Which was similar to Heidegger marveling that “things function”. Both express awe
in the face of the amazing phenomena of life on earth. And both are questions
meant to generate a meditation on our being in the world. Heidegger prefaced
any understanding of functioning by insisting we are already in a world shared
with other people and any functioning takes place within a certain economy (Reiner
Schurmann’s word for topos) i.e. there is an overall shape to how we interact in
the world and with people, an ongoing back and forth and a moving forward. Most
often that configuration is given or imposed on us. For example we work in a
certain place where our activities are highly structured. It has its hierarchy,
its obligations: it may be funded by state taxes or it may be capitalist and
depend on profits. The shock of the unforeseen may be softened by the purchase
of insurance. All this gives a workplace a certain appearance and predictability
over time. The way things look is the purview of art and each economy will have
a certain appearance. The Soviet Union for example looked a certain way that
perfectly reflected its top down management of the economy. I read recently how the dour feel of Moscow
during the Soviet Era that I witnessed in the early Seventies while touring
Eastern Europe, quickly became energized with the fall of the Iron Curtain and
the concurrent influx of western capital. I recall during that tour through the
Soviet Bloc how the absence of a market economy resulted in strange local
markets such as one that only sold locally produced cherries. Tasty and fresh
but I was not interested in having them for breakfast, lunch and dinner.
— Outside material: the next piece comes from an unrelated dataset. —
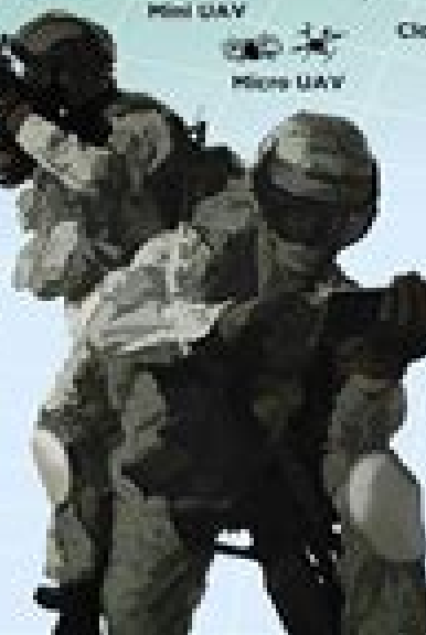
Next-Gen Infantry Battalion

In a search for the use of the term Zombie Formalism on the Internet,
I came across a site that rambled on about what they thought was the capitalist
origin of the white cube, i.e. the typical gallery space. The Marxist tilt of the
language implied that galleries provide a certain topos of indifference so as
to let the object appear to be more valuable and significant as a commodity than
it really is. I wrote a comment on the site invoking another Heideggerian
concept of “letting be”. How far do we have to deconstruct things? Does every
capitalist structure have to be analyzed as a power game that reduces
everything to commodification? I recalled the efforts of a Marxist friend to do
his own dental work with store bought epoxy so as to avoid participating in the
Capitalist system by going to a dentist. However, this article nonetheless helped
me understand the topos of the gallery, when it became an issue in the show at
Kimball Jenkins whose exhibition space was funky to say the least. Some viewers
complained about its lack of neutrality and the compromising of the work of
several artists, whose work would have been better showcased by white walls. Whether
it is a capitalist conspiracy or not the topography of a gallery does have a
say in how we interact with the exhibited object.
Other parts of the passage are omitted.